*** Opening of LISTED ENTRIES ***
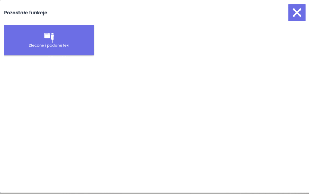 Menu dodatkowe daje dostęp do opcji, które nie są wyświetlane bezpośrednio na ekranie głównym tabletu. Umożliwia zmianę języka interfejsu, konfigurację parametrów technicznych, takich jak adresy IP, a także dostęp do ustawień systemowych i dodatkowych funkcji aplikacji. Dzięki temu personel medyczny i administratorzy mogą łatwo dostosować system do bieżących potrzeb placówki.
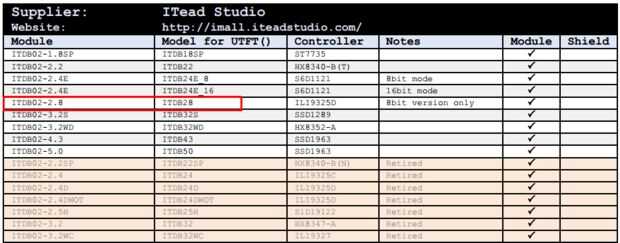 la pantalla tft que utilizamos es el nombre del módulo 2.8 ITDB02 debemos encontrar el nombre de módulo en la biblioteca, abrir el archivo de biblioteca y vaya a la documentación, usted verá tres archivos
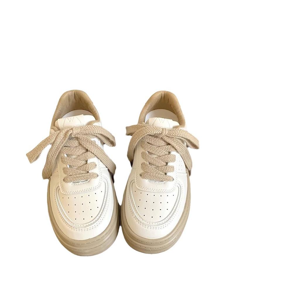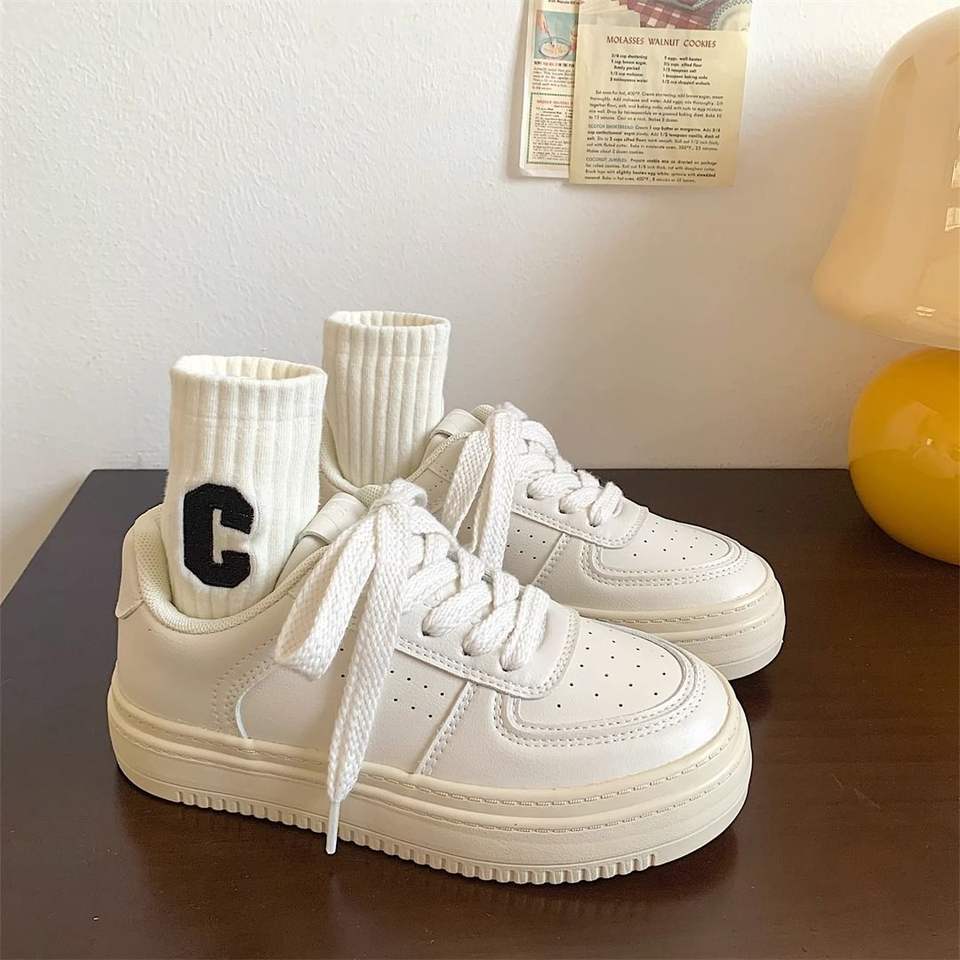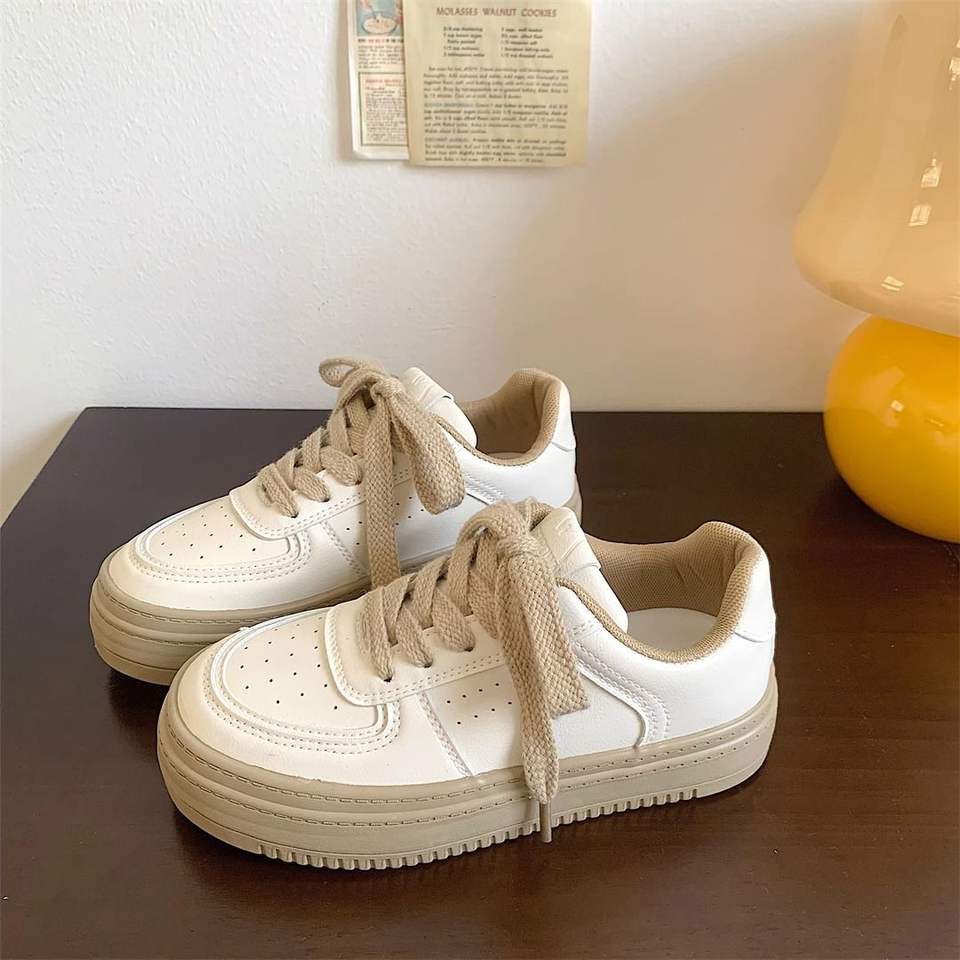 Cream thick-soled white shoes for women leather surface autumn new niche chic versatile bread shoes low-top student board shoes
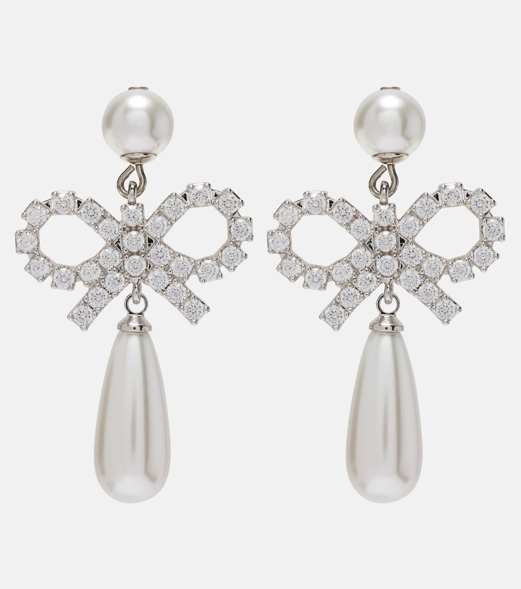 With a mission to celebrate women in every design, Self-Portrait has grown a strong cult following behind its soft feminine aesthetic. These delicate bow-shaped earrings come with white faux pearl drops and sparkling crystals. Product Details - Material: brass, stainless steel, cubic zirconia, faux pearls - Made in China - Item color: silver - Includes: dust bag, box - Item number: P01031013 Size & Fit - Length 4.5cm-2" - Max. width 2.5cm-1"
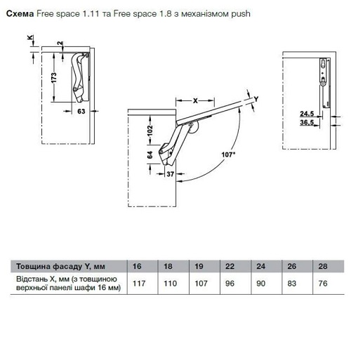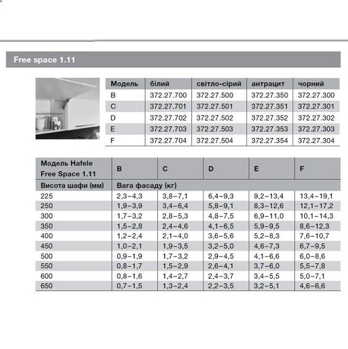 Опис Підйомний механізм меблевих фасадів Free Space 1.11 модель F сірий 37227504 Область застосування: Для дерев'яних фасадів або фасадів з алюмінієвою рамою, шириною не менше 45 мм. Підйомний механізм стандартного відкривання для односекційних фасадів з ручкою і висотою до 650 мм. Матеріал: Корпус - пластик, підйомні важелі і механізм кріплення фасаду - сталь. Висота корпусу: від 225 до 650 мм. Товщина фасаду: від 16 до 28 мм. Вага фасаду з ручкою: від 0.7 до 4.3 кг (розміри дивіться в таблиці). Механізм: плавного закривання з вбудованим демпфером.Поверхня / колір: Підйомні важелі і механізм кріплення фасаду - нікельовані або чорні (якщо чорний корпус). Корпус: білий, сірий, антрацит і чорний. Кут відкривання: 90 або 107 градусів (перемикається на механізмі) Можливість регулювання: По висоті / сторонам / нахилу лицьової панелі, регулювання утримує зусилля. Монтаж: До корпусу: шляхом пригвинчування, попередньо змонтованим єврогвинтом. До лицьової панелі: без використання інструменту шляхом засову на попередньо змонтовані на фасаді спеціальні фіксуючі гвинти. Упаковка: 1 комплект Комплектація: - механізми: комплект правий / лівий - гвинти для кріплення до фасаду, 4 шт. - інструкція і монтажний шаблон Вказівки для замовлення: Вибір підйомного механізму Free Space 1.11 по здатності навантаження залежить від висоти корпусу і ваги фасаду, включаючи лицьову фурнітуру. Для коректного підбору моделі, будь ласка, використовуйте таблицю вимірювальних величин. (Див. Таблицю) Для фасаду з алюмінієвою рамою, шириною не менше 45 мм, замовте комплект спеціальних гвинтів з кільцевими втулками. Комплект на один механізм - арт. № 372.27.600. Якщо ви сумніваєтеся у правильному виборі механізму по навантаженні, в разі перетину вагових параметрів, рекомендуємо використовувати більш сильну модель.
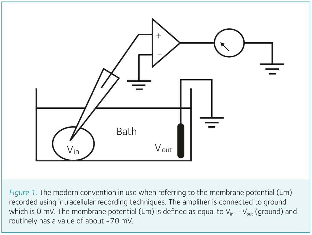 Modern practice deviates from this convention, showing inward current as a downward deflection and membrane potential as “positive-up, negative-down” (Patton, 1982). The modern convention is illustrated in Fig. 1, where an electrode is shown inserted into a cell submerged in a bath, the amplifier is grounded (0 mV), and a resting membrane potential of about -70 mV is recorded, leading to the classic physiology teacher’s formulation where, if the membrane potential (Em) moves towards 0 mV this is considered a depolarisation (a decrease in polarisation), a move towards the resting potential is considered a repolarisation, and a move to a potential more negative than the resting potential is considered a hyperpolarisation (an increase in polarisation; Hille, 2001).
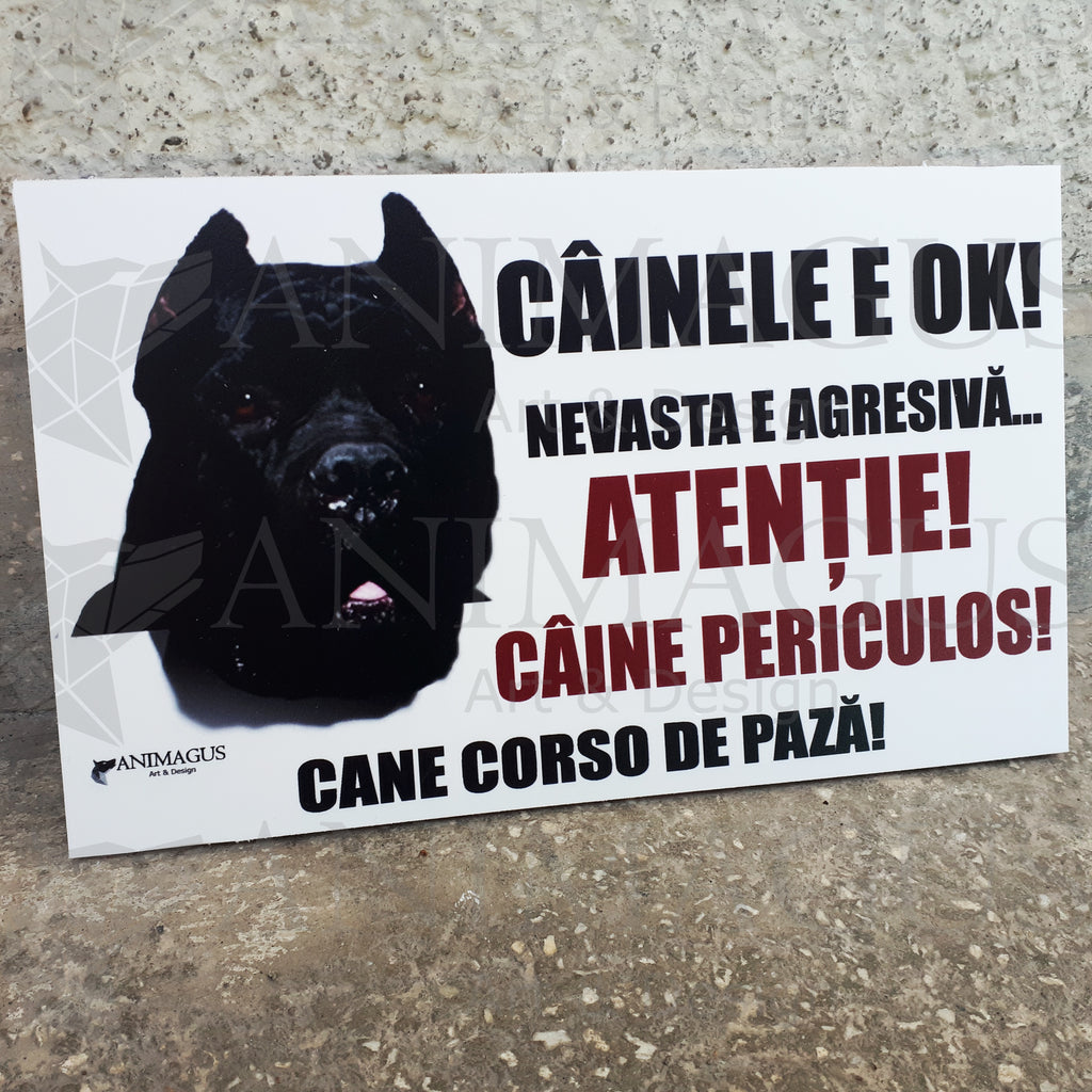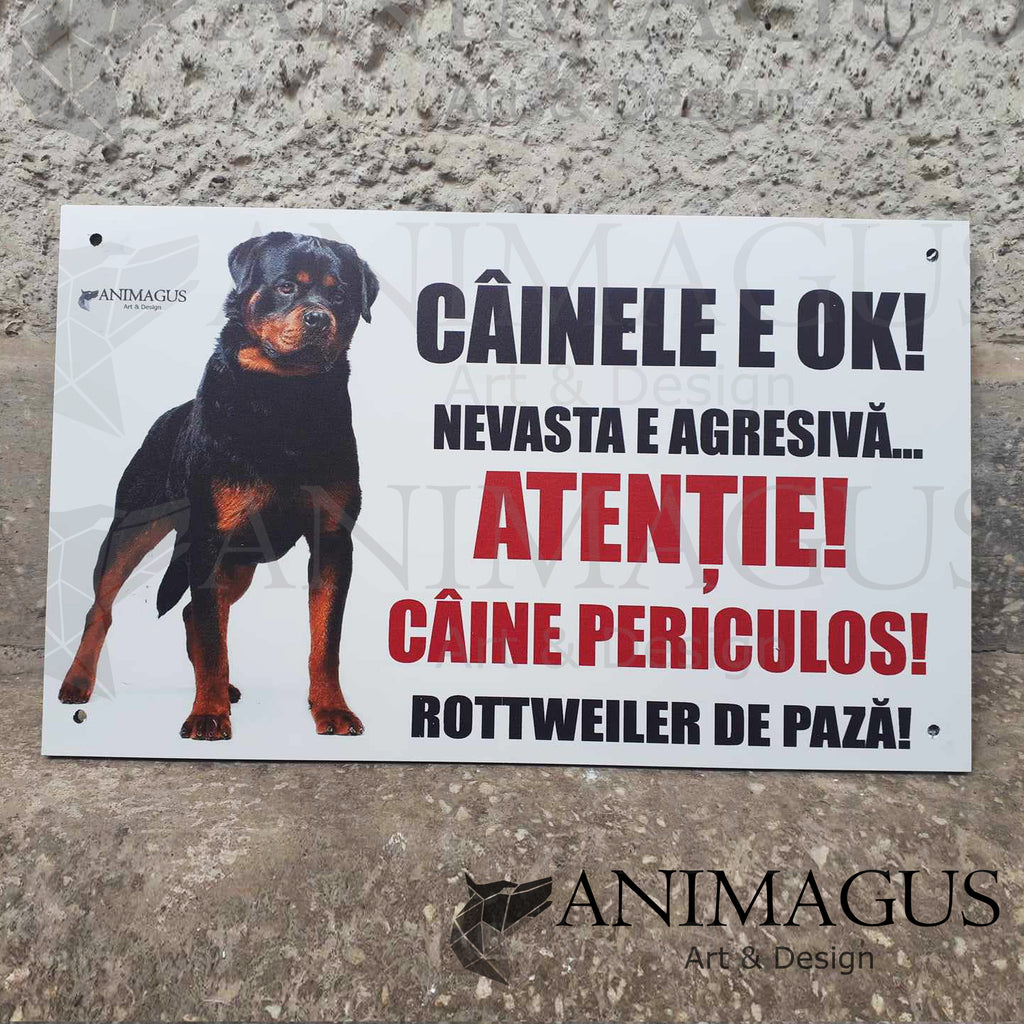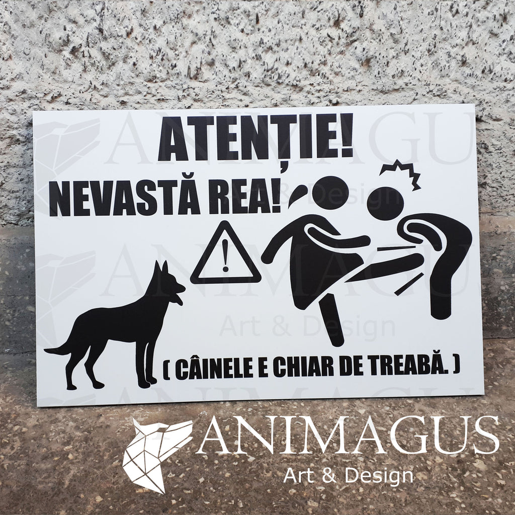 Placa de Avertizare Caine Periculos - in conformitate cu prevederile legale, avand urmatoarele caracteristici obligatorii:
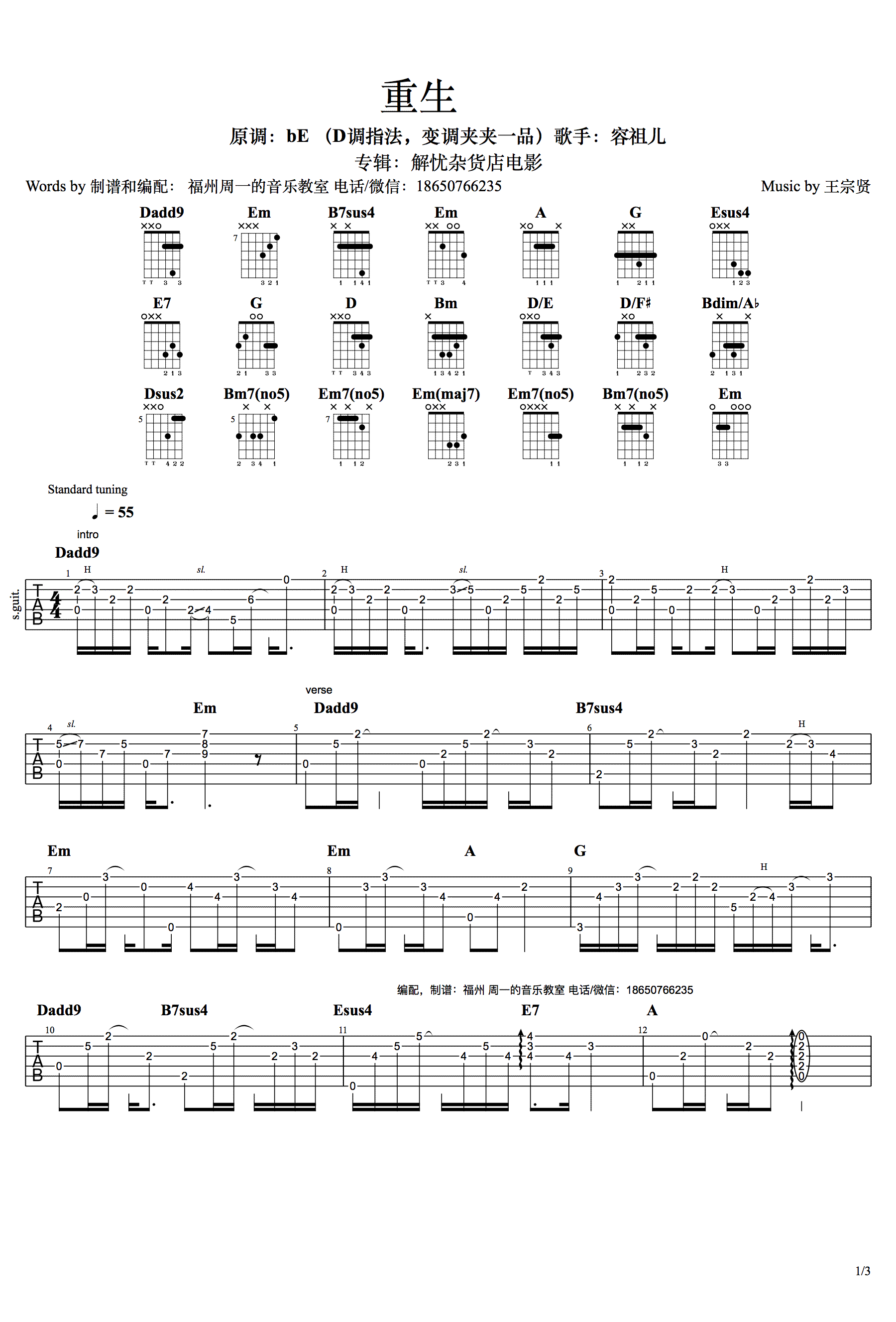 曲谱介绍: 重生吉他谱采用了D调指法,容祖儿的嗓音犹如天籁,俘获了每一位听众的心。《重生》这首歌曲是由韩寒作词,容祖儿演唱的,是电影《解忧杂货店》主题曲。在容祖儿低吟柔美的声音中,我们仿佛做了一场美梦,如果可以让你选择人生重来或继续,我们会做出怎样的选择?或许我们没有办法之间说出答案,这首歌曲有种倾诉的感觉,有所经历,这首歌曲给我们带来了力量,带来了温暖,让未来的我们不在迷茫。号外:在这里小编要推荐这首乘客吉他谱,它也很好听,大家赶快学习起来啦,不要犹豫!
*** Close of LISTED ENTRIES ***
Each entry above should be copied word for word, with the images omitted.

 Menu dodatkowe daje dostęp do opcji, które nie są wyświetlane bezpośrednio na ekranie głównym tabletu. Umożliwia zmianę języka interfejsu, konfigurację parametrów technicznych, takich jak adresy IP, a także dostęp do ustawień systemowych i dodatkowych funkcji aplikacji. Dzięki temu personel medyczny i administratorzy mogą łatwo dostosować system do bieżących potrzeb placówki.
 la pantalla tft que utilizamos es el nombre del módulo 2.8 ITDB02 debemos encontrar el nombre de módulo en la biblioteca, abrir el archivo de biblioteca y vaya a la documentación, usted verá tres archivos
 Cream thick-soled white shoes for women leather surface autumn new niche chic versatile bread shoes low-top student board shoes
 With a mission to celebrate women in every design, Self-Portrait has grown a strong cult following behind its soft feminine aesthetic. These delicate bow-shaped earrings come with white faux pearl drops and sparkling crystals. Product Details - Material: brass, stainless steel, cubic zirconia, faux pearls - Made in China - Item color: silver - Includes: dust bag, box - Item number: P01031013 Size & Fit - Length 4.5cm-2" - Max. width 2.5cm-1"
 Опис Підйомний механізм меблевих фасадів Free Space 1.11 модель F сірий 37227504 Область застосування: Для дерев'яних фасадів або фасадів з алюмінієвою рамою, шириною не менше 45 мм. Підйомний механізм стандартного відкривання для односекційних фасадів з ручкою і висотою до 650 мм. Матеріал: Корпус - пластик, підйомні важелі і механізм кріплення фасаду - сталь. Висота корпусу: від 225 до 650 мм. Товщина фасаду: від 16 до 28 мм. Вага фасаду з ручкою: від 0.7 до 4.3 кг (розміри дивіться в таблиці). Механізм: плавного закривання з вбудованим демпфером.Поверхня / колір: Підйомні важелі і механізм кріплення фасаду - нікельовані або чорні (якщо чорний корпус). Корпус: білий, сірий, антрацит і чорний. Кут відкривання: 90 або 107 градусів (перемикається на механізмі) Можливість регулювання: По висоті / сторонам / нахилу лицьової панелі, регулювання утримує зусилля. Монтаж: До корпусу: шляхом пригвинчування, попередньо змонтованим єврогвинтом. До лицьової панелі: без використання інструменту шляхом засову на попередньо змонтовані на фасаді спеціальні фіксуючі гвинти. Упаковка: 1 комплект Комплектація: - механізми: комплект правий / лівий - гвинти для кріплення до фасаду, 4 шт. - інструкція і монтажний шаблон Вказівки для замовлення: Вибір підйомного механізму Free Space 1.11 по здатності навантаження залежить від висоти корпусу і ваги фасаду, включаючи лицьову фурнітуру. Для коректного підбору моделі, будь ласка, використовуйте таблицю вимірювальних величин. (Див. Таблицю) Для фасаду з алюмінієвою рамою, шириною не менше 45 мм, замовте комплект спеціальних гвинтів з кільцевими втулками. Комплект на один механізм - арт. № 372.27.600. Якщо ви сумніваєтеся у правильному виборі механізму по навантаженні, в разі перетину вагових параметрів, рекомендуємо використовувати більш сильну модель.
 Modern practice deviates from this convention, showing inward current as a downward deflection and membrane potential as “positive-up, negative-down” (Patton, 1982). The modern convention is illustrated in Fig. 1, where an electrode is shown inserted into a cell submerged in a bath, the amplifier is grounded (0 mV), and a resting membrane potential of about -70 mV is recorded, leading to the classic physiology teacher’s formulation where, if the membrane potential (Em) moves towards 0 mV this is considered a depolarisation (a decrease in polarisation), a move towards the resting potential is considered a repolarisation, and a move to a potential more negative than the resting potential is considered a hyperpolarisation (an increase in polarisation; Hille, 2001).
 Placa de Avertizare Caine Periculos - in conformitate cu prevederile legale, avand urmatoarele caracteristici obligatorii:
 曲谱介绍: 重生吉他谱采用了D调指法,容祖儿的嗓音犹如天籁,俘获了每一位听众的心。《重生》这首歌曲是由韩寒作词,容祖儿演唱的,是电影《解忧杂货店》主题曲。在容祖儿低吟柔美的声音中,我们仿佛做了一场美梦,如果可以让你选择人生重来或继续,我们会做出怎样的选择?或许我们没有办法之间说出答案,这首歌曲有种倾诉的感觉,有所经历,这首歌曲给我们带来了力量,带来了温暖,让未来的我们不在迷茫。号外:在这里小编要推荐这首乘客吉他谱,它也很好听,大家赶快学习起来啦,不要犹豫!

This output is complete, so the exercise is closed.